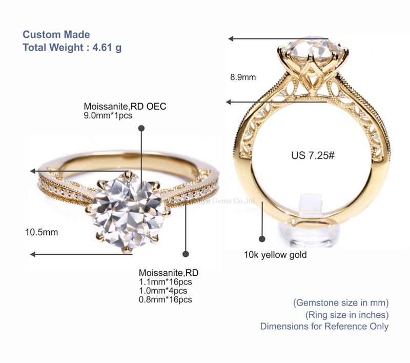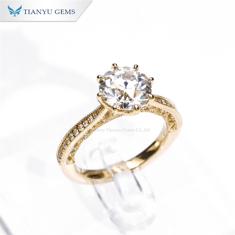 Tianyu Wedding Round Shape Moissanite 10K Yellow Gold Gold Milgrain Engagement Rings for Gifts Presents
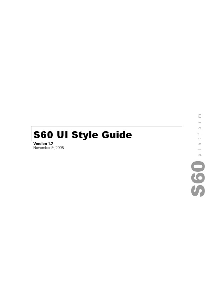 This document gives an overview of the S60 user interface and describes its essential parts, giving examples of how to use the interface elements. The document can be used as an introduction to the style or as reference material. It can provide background material to help user interface designers make decisions about their products. The style guide should give an overview and provide enough guidelines for designing good applications, but not all the information to write the software. This is intended to be a compact and easy-to-read guide, which means leaving out many details that can be found in other documents. There is no general discussion about good usability; instead this document tries to clarify how the style elements of the S60 user interface are meant to be used in practice. The content is also intended to be independent of product-specific hardware, so that the guidelines would apply to any product that implements the user interface style. Sometimes this means leaving out information that would be appropriate for one product but maybe not for another one. This document is based on and replaces the Forum Nokia (http://www.forum.nokia.com/) document Developers Guide to Series 60 UI Category.
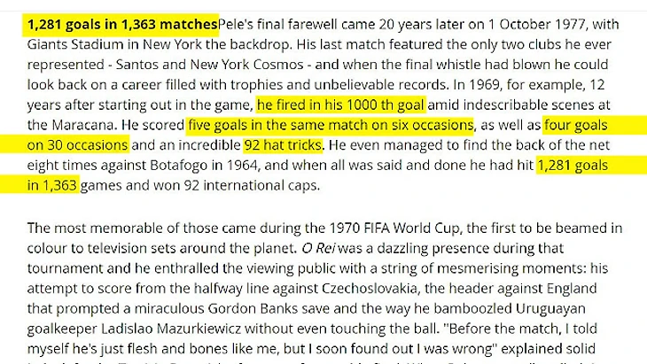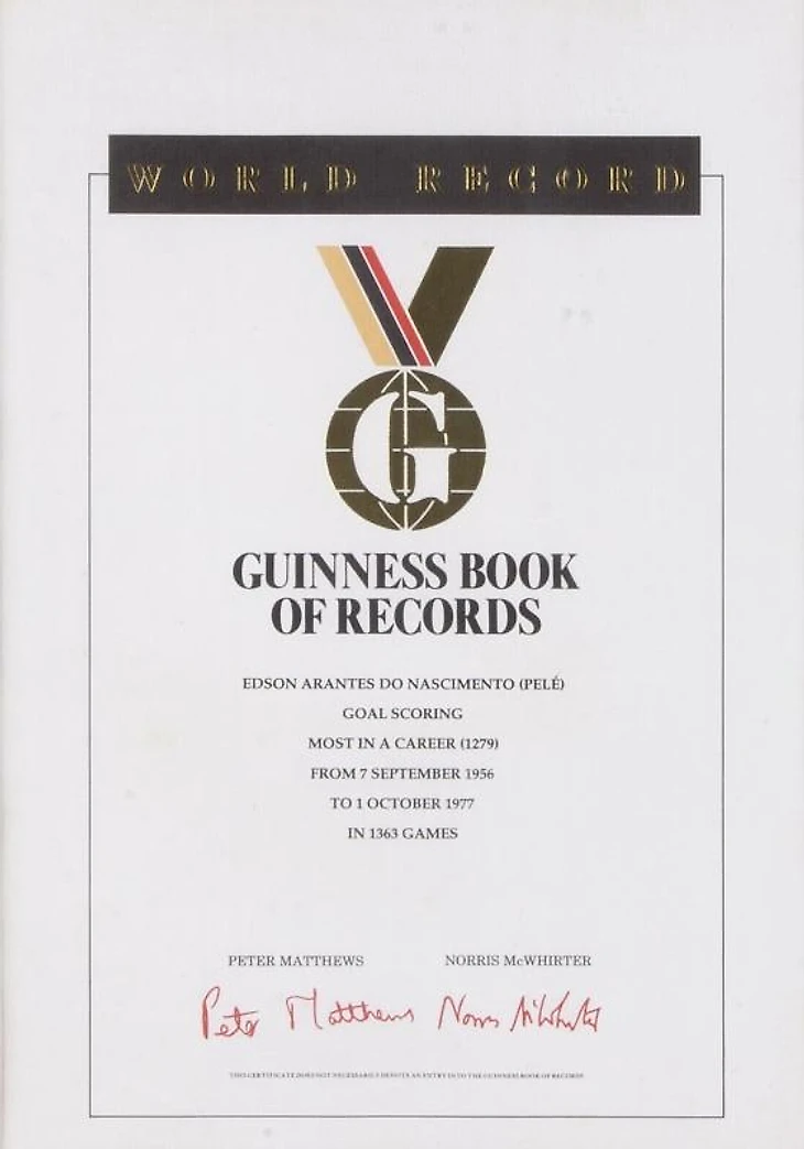 Есть еще один забавный артефакт. Понимаю что сегодня Книга рекордов Гиннесса переполнена даже не мусором, а подобрать цензурного определения этого всего я не могу, но все же-цифры Пеле признаны и здесь
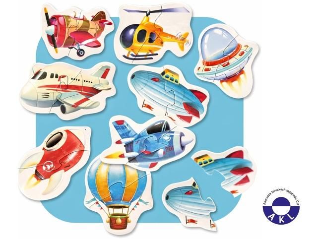 Puzzlika, nová značka puzzlů s moderním kreativním designem, přináší pro malé děti aktivní učení formou zábavné hry. Puzzle Letecká doprava obsahuje 16 velkých pevných puzzlů, ze kterých poskládáte 8 samostatných obrázků jednotlivých létajících dopravních prostředků. Naučné puzzle je skvělá hra pro malé děti, která u nich rozvíjí logické myšlení, představivost, kreativitu, jemnou motoriku a různé poznávací znalosti. Puzzle jsou vyrobeny z velice pevného vícevrstvého kartonu s lesklým povrchem. Karton byl vyroben z kvalitního, ekologicky pěstovaného dřeva. Puzzle je možné otřít vlhkým hadříkem. Nevhodné pro děti do 2 let. Vyrobeno v Evropě.
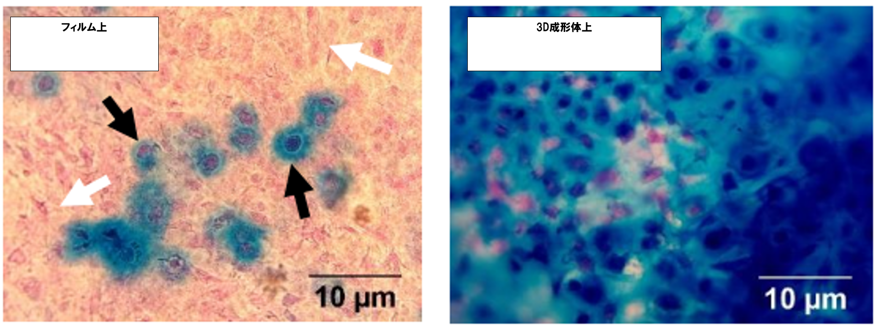 図2 バイオポリマー(ポリ乳酸)で作ったフィルム(左)および3D成形体(右)上における軟骨細胞の増殖・分化の様子。写真で紫色に染まっているところが形成された軟骨組織で、3D成形体上においてより活発に軟骨組織が形成されていることがわかる。
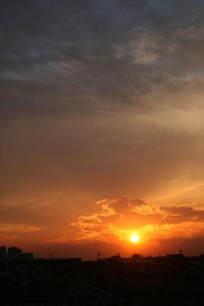 3日前の夕日 雲がなければ太陽の左側に富士山が見えます。
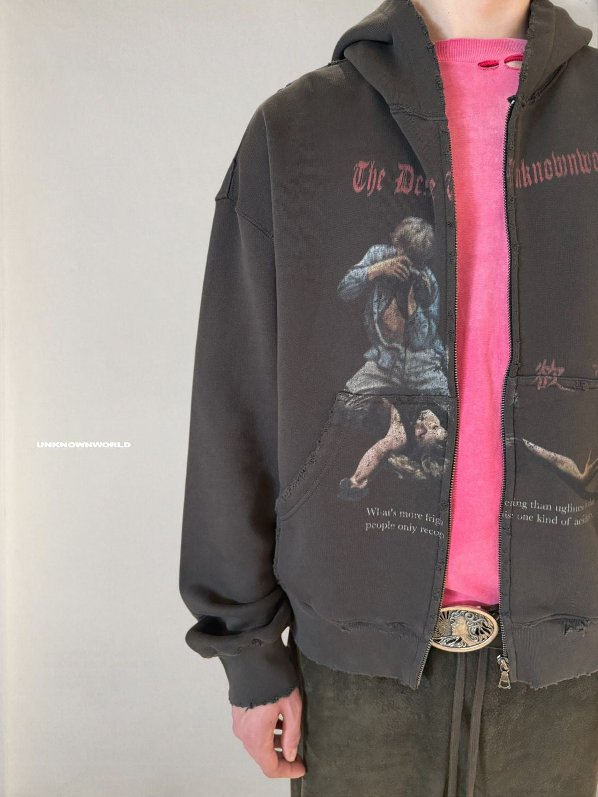 UNKNOWNWORLD's zip-up hoodie in washed 100% cotton. Features a central graphic print, heavy distressing at the hems, and split kangaroo pockets.

□ □ □ □ □

▸ TASK STATEMENT
The expected answer is the whole listing above, copied exactly, with images excluded.

▸ EXERCISE ANSWER
 Tianyu Wedding Round Shape Moissanite 10K Yellow Gold Gold Milgrain Engagement Rings for Gifts Presents
 This document gives an overview of the S60 user interface and describes its essential parts, giving examples of how to use the interface elements. The document can be used as an introduction to the style or as reference material. It can provide background material to help user interface designers make decisions about their products. The style guide should give an overview and provide enough guidelines for designing good applications, but not all the information to write the software. This is intended to be a compact and easy-to-read guide, which means leaving out many details that can be found in other documents. There is no general discussion about good usability; instead this document tries to clarify how the style elements of the S60 user interface are meant to be used in practice. The content is also intended to be independent of product-specific hardware, so that the guidelines would apply to any product that implements the user interface style. Sometimes this means leaving out information that would be appropriate for one product but maybe not for another one. This document is based on and replaces the Forum Nokia (http://www.forum.nokia.com/) document Developers Guide to Series 60 UI Category.
 Есть еще один забавный артефакт. Понимаю что сегодня Книга рекордов Гиннесса переполнена даже не мусором, а подобрать цензурного определения этого всего я не могу, но все же-цифры Пеле признаны и здесь
 Puzzlika, nová značka puzzlů s moderním kreativním designem, přináší pro malé děti aktivní učení formou zábavné hry. Puzzle Letecká doprava obsahuje 16 velkých pevných puzzlů, ze kterých poskládáte 8 samostatných obrázků jednotlivých létajících dopravních prostředků. Naučné puzzle je skvělá hra pro malé děti, která u nich rozvíjí logické myšlení, představivost, kreativitu, jemnou motoriku a různé poznávací znalosti. Puzzle jsou vyrobeny z velice pevného vícevrstvého kartonu s lesklým povrchem. Karton byl vyroben z kvalitního, ekologicky pěstovaného dřeva. Puzzle je možné otřít vlhkým hadříkem. Nevhodné pro děti do 2 let. Vyrobeno v Evropě.
 図2 バイオポリマー(ポリ乳酸)で作ったフィルム(左)および3D成形体(右)上における軟骨細胞の増殖・分化の様子。写真で紫色に染まっているところが形成された軟骨組織で、3D成形体上においてより活発に軟骨組織が形成されていることがわかる。
 3日前の夕日 雲がなければ太陽の左側に富士山が見えます。
 UNKNOWNWORLD's zip-up hoodie in washed 100% cotton. Features a central graphic print, heavy distressing at the hems, and split kangaroo pockets.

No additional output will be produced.